I'm not affiliated, I just like his style and have found it handy. I know it's not very rigorous, but it's good enough for me and I've found his examples to pretty closely match the results I see in real life.
OpenAI was offering 2x usage at one point and I still used opus just because it's so much more effective.
More and more specialized and ultra-performant chips are going to flood the consumer market.

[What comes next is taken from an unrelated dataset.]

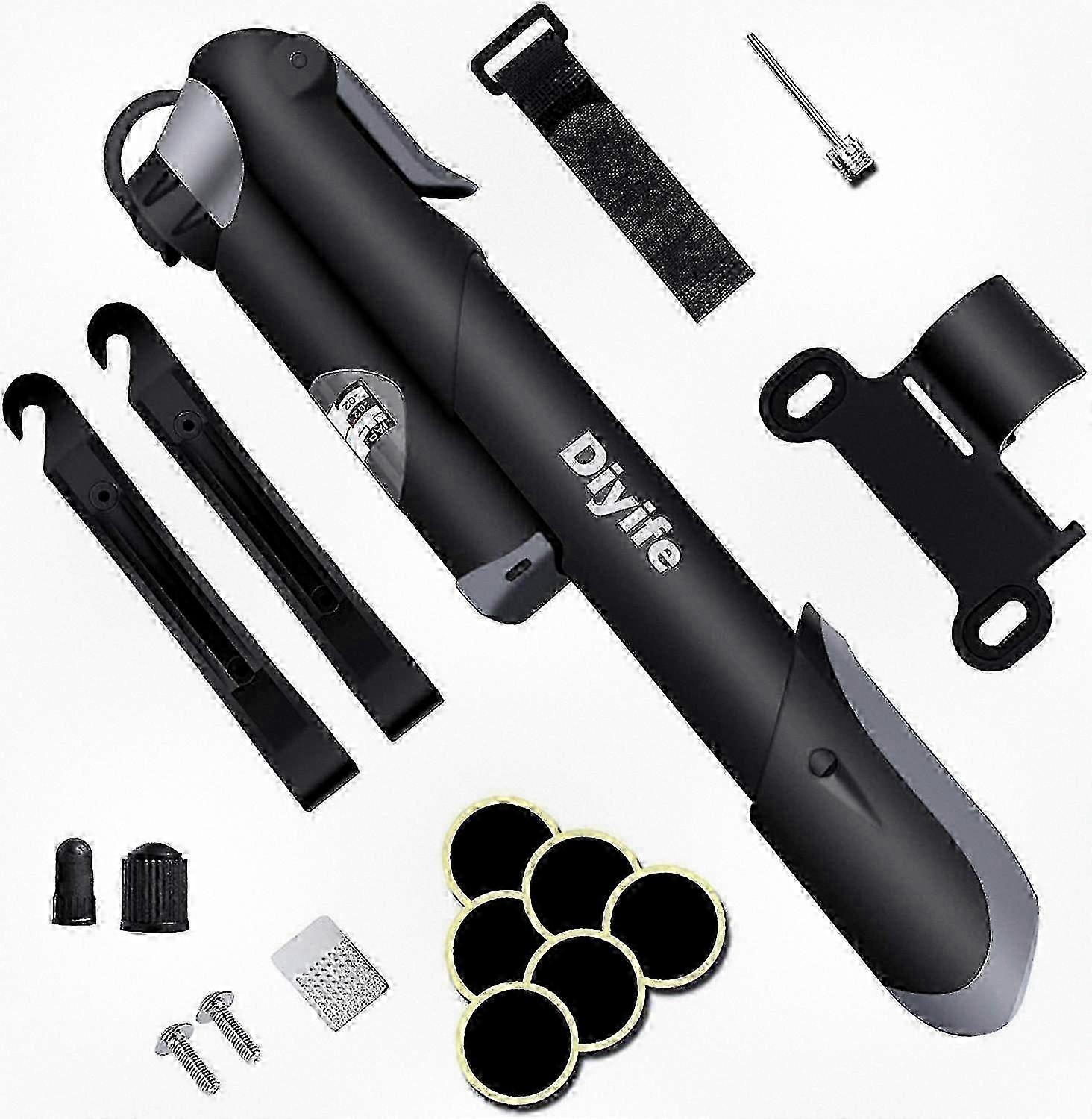 Mini Bicycle Pump with Pressure Gauge, 120 Psi, Complete Set for Various Brands Including Ball Pump with Needle, Glueless Patch Kit, Cycle Valve Caps,

Especially once new hardware foundries will start producing (well if we don't die from WW3 in the interval).
In 10 years from now, when even basic computers will have 128 GB of memory, and phones will have super optimized tuned models, then what will be the point of Anthropic ?
Just use Gemma/Gemini/Siri or whatever.
Pornography and uncensored models is also pushing toward local models.
It's not like needs of people grows exponentially, the needs follow an asymptote instead (they are capped).
The real revolution is offline robots and self-driving cars, but LLMs are already quite maxed.
For programmers, now, what Anthropic offers is like 3% improvement on a known test (like this pelican riding a bicycle), or on questions leaked from benchmark insiders.
It's ok but not like revolutionary (Fable was better but it was unusable, easy 20 minutes per one prompt due to overthinking).
And then also, sometimes the tool call errors are because of something like a file was changed out from under it; the larger model is probably going to do a better job of figuring that out and fixing it up.
Finally, in Pi, you can always just use the /tree command to skip back to before a series of failed tool calls, with a summary if you want to let the model know what happened. The Pi /tree command is pretty powerful in managing your context
I'll experiment more with the effectiveness of AGENTS.md rules for local Pi agents. I feel like smaller (local) LLMs just lack in attentiveness to elements in the context window, like precise instructions, compared to e.g. Claude models.
We truly live in the dumbest timeline.
matches my experience and a deal breaker
also the context window sizes are too low. I can't operate in 65,000 windows any more because even just reading the code's file structure overruns it and gets me nowhere. Definitely its own art form.
200k context windows and above for me now
I saw a paper last night that should help this a lot though
In Pi, /new is my best friend and most-used command for sure. For simple tasks (I decompose complex ones anyway since I don't trust small local LLMs to do this for me), the model doesn't need much context, given that I'm proficient in my codebase myself: "I'd like Feature X. Look into files 1, 2 and 3 to make your edits."